Incident management for data teams
Software engineers use a framework for incident management to resolve issues. Here's how to apply a few core incident management concepts to data teams.
Incident management is a critical practice for data teams to quickly identify and resolve pipeline and data reliability issues before they harm business operations. While traditionally used in software engineering, the core concepts also apply to managing data systems.
What is incident management?
For software companies, an incident is an unplanned interruption to service or reduction in quality of service. For data teams, an incident could arise from issues in data pipelines that lead to incorrect or missing data in dashboards and applications. For example, when executives see dashboards with missing or clearly erroneous data, it will generally create a fervor that cascades back through the organization to data engineers and scientists.

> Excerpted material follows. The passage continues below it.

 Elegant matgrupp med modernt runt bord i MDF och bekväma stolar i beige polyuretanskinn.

Implementing robust incident management practices allows data teams to identify issues early, mobilize to diagnose and resolve them, and prevent major business impacts. While incident management has been standard in software engineering and DevOps for years, many data teams are still building out these capabilities.
The incident management process
Incident management is multistep process, with the goal of detecting, diagnosing, and resolving incidents before they lead to significant disruption or impact.

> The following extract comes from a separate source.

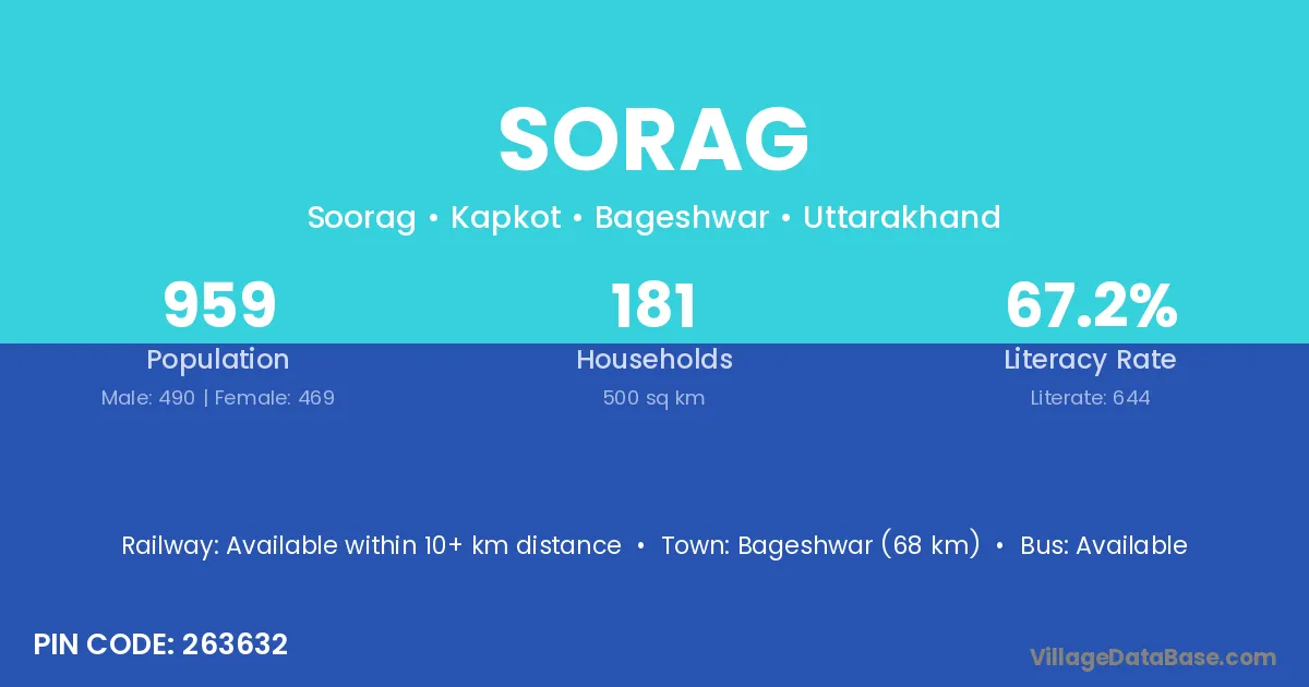 Bageshwar (68 km) is the nearest town to Sorag village for major economic activities and is located approximately 68 km away.

The first step is detecting when an incident has occurred, ideally through automated monitoring and alerting rather than manual checks. Tools like Bigeye can automatically send alerts to the relevant stakeholders if the volume of data being output from a job suddenly drops, for example.
In terms of monitoring data systems, there are typically two types:
- Data pipeline monitoring - This focuses on monitoring the health and performance of the data pipelines themselves. It involves tracking metrics like:
- Data freshness - When each data table/asset was last updated
- Data volume - The number of rows flowing through the pipeline
- Job durations - How long each ETL job takes to run
Data pipeline monitoring helps ensure smooth data flow and identify bottlenecks. It is usually handled by data engineering teams.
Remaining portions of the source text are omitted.